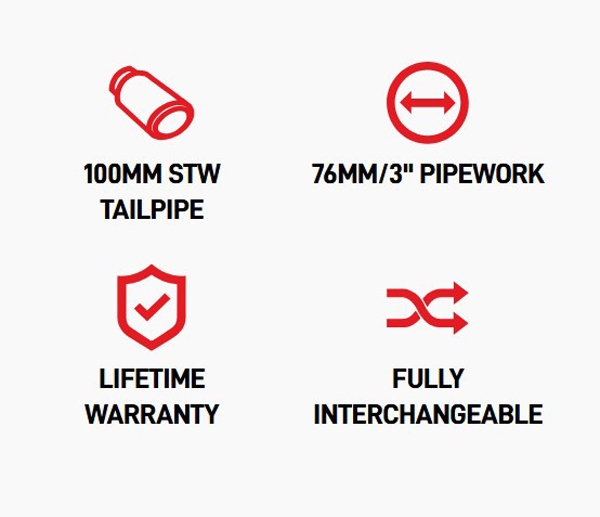 Disse udstødninger er tilgængelige i to muligheder: resonante (udstyret med en center dæmper for at reducere drone og give en mere raffineret lyd) eller ikke-resonante (som fjerner den originale dæmper for en højere lyd).
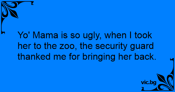 Yo' Mama is so ugly, when I took her to the zoo, the security guard thanked me for bringing her back.
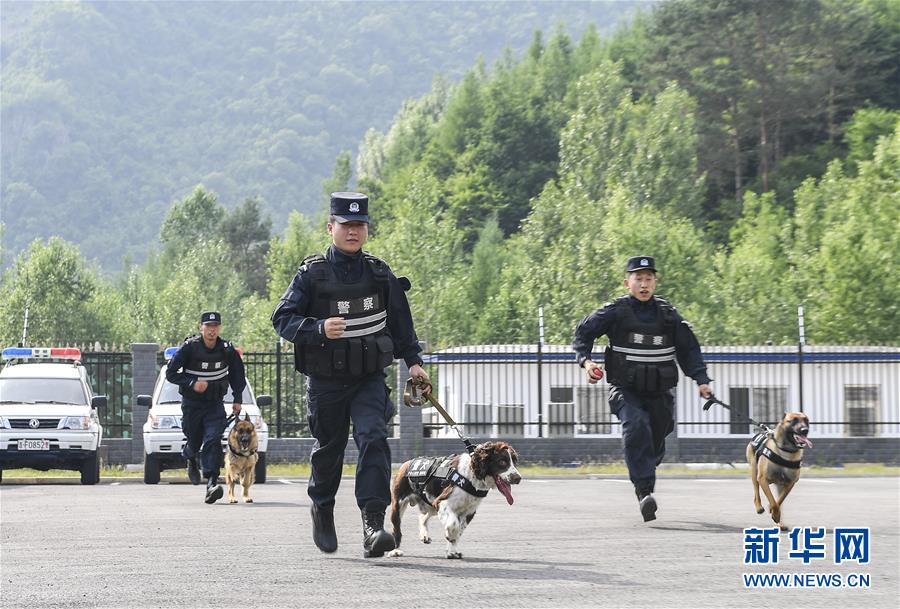 缉毒犬“黑飒”和训导员江枫(前)在进行体能训练(6月22日摄)。 新华社记者 许畅 摄
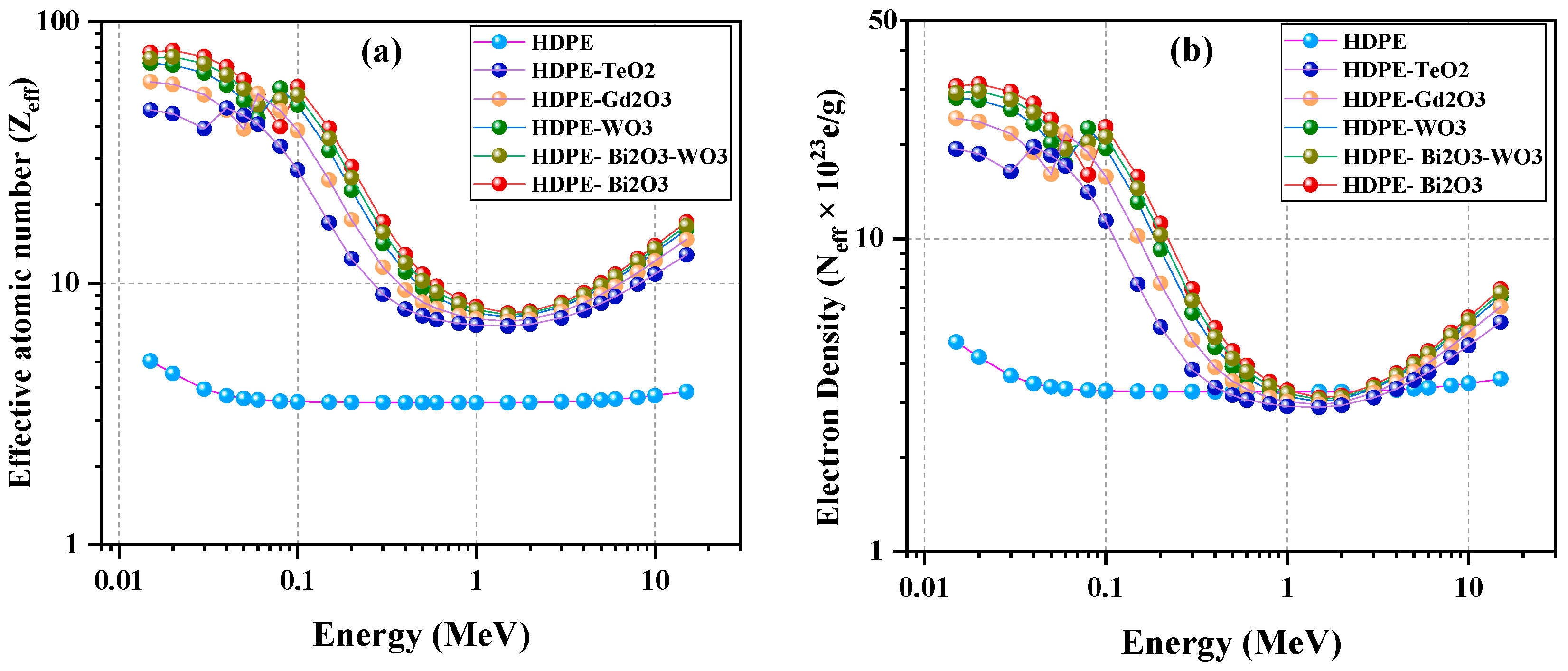 At 0.015 MeV, C1 (HDPE) records approximately Zeff ≈ 5.0 and Neff ≈ 5 × 1023 e g−1, while C2 (Bi2O3) reaches about 80 and 30 × 1023 e g−1, respectively. Comparable low energy enhancements observed for C3 (Bi2O3/WO3) and C4 (WO3) with Zeff ≈ 70–73, and Neff ≈ 28–29 × 1023 e g−1, followed by C5 (Gd2O3) and C6 (TeO2), which still exceed the polymer baseline with Zeff ≈ 60, and 45 and Neff ≈ 24 × 1023 e g−1 and 20 × 1023 e g−1, respectively. With increasing energy, above about 0.2 MeV, both Zeff and Neff decrease and gradually converge among the composites as Compton scattering and pair production become dominant. Around 1 MeV, C2 retains the highest interaction probability (Zeff about 8; Neff about 3.0 × 1023 e g−1), while HDPE remains the lowest (Zeff ≈ 3–4). However, in this Compton-dominant region, the Neff values of all systems—including neat HDPE—become nearly identical, reflecting the fact that Compton scattering depends mainly on the number of electrons per gram rather than on atomic number. At higher energies (up to 15 MeV), minor differences persist, confirming the sustained advantage of oxide-reinforced systems over the neat polymer.
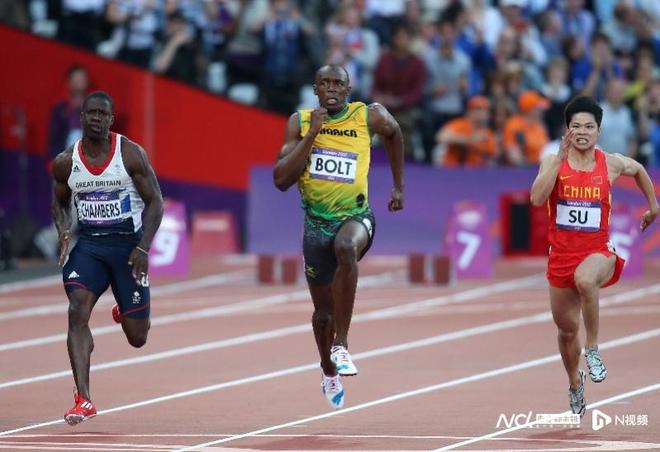 2012年伦敦奥运会男子100米半决赛,苏炳添与世界纪录保持者博尔特同组较量。IC图片

+++

● WORK INSTRUCTION
Transcribe each record exactly as it stands, setting aside any pictures.

● RESULT FOR THIS EXERCISE
 Disse udstødninger er tilgængelige i to muligheder: resonante (udstyret med en center dæmper for at reducere drone og give en mere raffineret lyd) eller ikke-resonante (som fjerner den originale dæmper for en højere lyd).
 Yo' Mama is so ugly, when I took her to the zoo, the security guard thanked me for bringing her back.
 缉毒犬“黑飒”和训导员江枫(前)在进行体能训练(6月22日摄)。 新华社记者 许畅 摄
 At 0.015 MeV, C1 (HDPE) records approximately Zeff ≈ 5.0 and Neff ≈ 5 × 1023 e g−1, while C2 (Bi2O3) reaches about 80 and 30 × 1023 e g−1, respectively. Comparable low energy enhancements observed for C3 (Bi2O3/WO3) and C4 (WO3) with Zeff ≈ 70–73, and Neff ≈ 28–29 × 1023 e g−1, followed by C5 (Gd2O3) and C6 (TeO2), which still exceed the polymer baseline with Zeff ≈ 60, and 45 and Neff ≈ 24 × 1023 e g−1 and 20 × 1023 e g−1, respectively. With increasing energy, above about 0.2 MeV, both Zeff and Neff decrease and gradually converge among the composites as Compton scattering and pair production become dominant. Around 1 MeV, C2 retains the highest interaction probability (Zeff about 8; Neff about 3.0 × 1023 e g−1), while HDPE remains the lowest (Zeff ≈ 3–4). However, in this Compton-dominant region, the Neff values of all systems—including neat HDPE—become nearly identical, reflecting the fact that Compton scattering depends mainly on the number of electrons per gram rather than on atomic number. At higher energies (up to 15 MeV), minor differences persist, confirming the sustained advantage of oxide-reinforced systems over the neat polymer.
 2012年伦敦奥运会男子100米半决赛,苏炳添与世界纪录保持者博尔特同组较量。IC图片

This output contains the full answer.